Originating from the South of France, in the Provence region - the Tian Provençal is like eating summer! Made from fresh vegetables (perhaps harvested from your garden?), copious amounts of olive oil, a handful of herbs to season, and sharp knives to create the thinnest slices possible, this is an easy, but elegant dish for any occasion!
Bring the Mediterranean vibes to your kitchen with this beginner-friendly, iconic southern French recipe.
Serves 4 people
1. Pre-heat your oven to 350° F
2. Wash all your vegetables.
3. Cut the eggplant into thin, even slices and set in a bowl covered in coarse salt for about 20 minutes (this will take the moisture out of the eggplant, ensuring a crispy final result)
4. Meanwhile, cut the other vegetables into very thin, even slices. Consistency of the slices is key to this recipe!

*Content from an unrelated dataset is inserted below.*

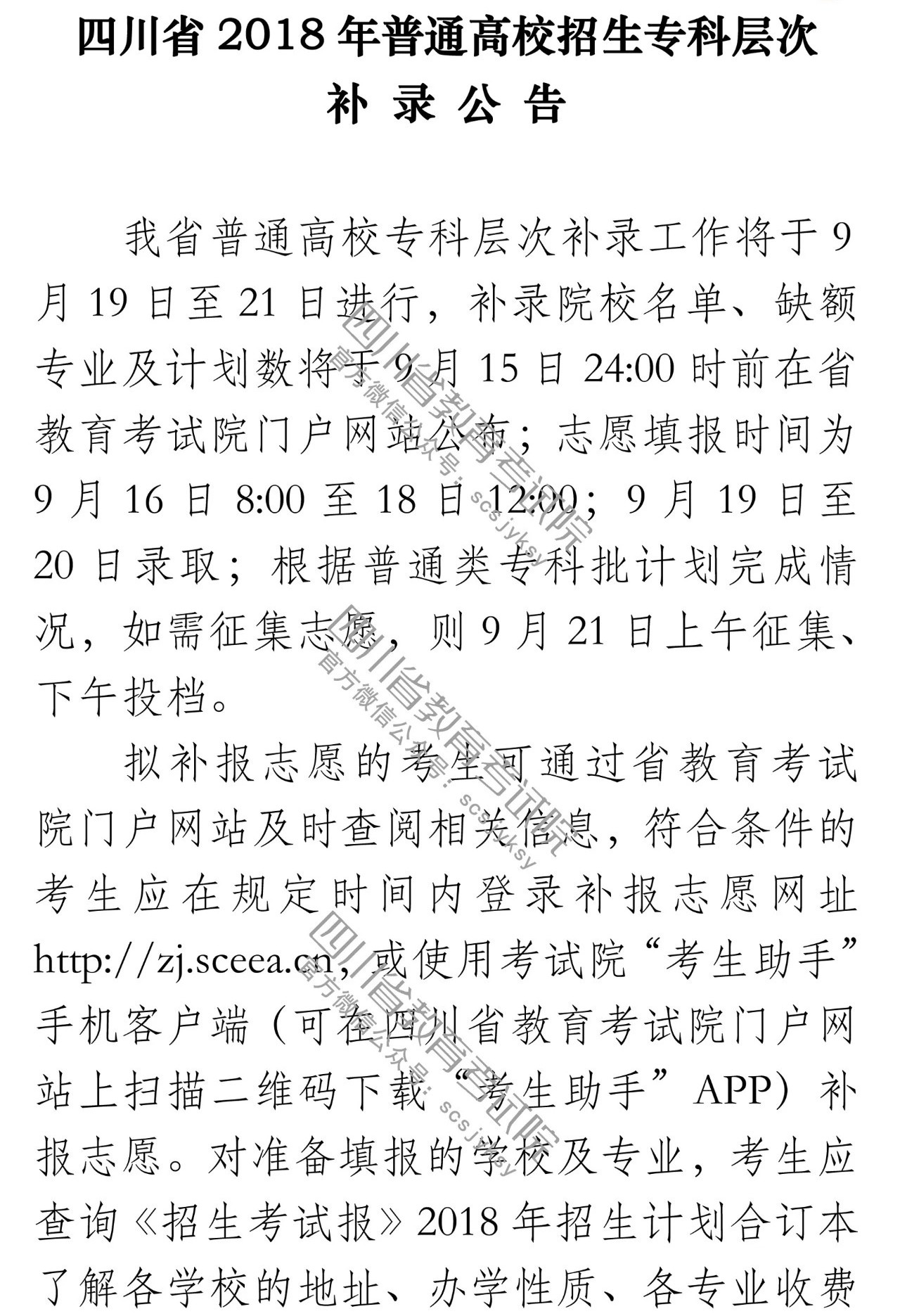 四川省2018年普通高校招生專科層次補錄公告出爐!

5. After 20 minutes, rinse the eggplant slices under cold water to remove the salt and dry them thoroughly.
6. Rub a garlic clove on the bottom and sides of your oven-safe dish, and quarter the other 3 cloves. Drop them into the bottom of the dish, and drizzle with olive oil.
7. Place all the vegetable slices in the oven-safe dish, making sure to alternate each vegetable and keeping them as close as possible. Get creative! You can place them in a circle, a spiral or straight columns, depending on the shape of your dish. Note: you can cut the eggplant slices in half or quarters so they are about the same size as the other vegetables.
8. Drizzle the vegetables with a healthy amount of olive oil (3-4 tablespoons).
9. Mix the rosemary, thyme, parsley, salt and pepper together. Sprinkle the herb mix over the top of the vegetables.
10. Tuck the bay leaves between the rows of vegetables (to be removed after cooking, before eating!)
11. Bake for about 1 hour, until the vegetables are cooked through in the middle and crispy on the outside.
12. Add fresh basil on top and serve!
Tips: Don’t be shy on olive oil! Eggplants have a dense texture, so don’t hesitate to add a bit of extra olive oil to them before placing them in the dish to make sure they are saturated enough.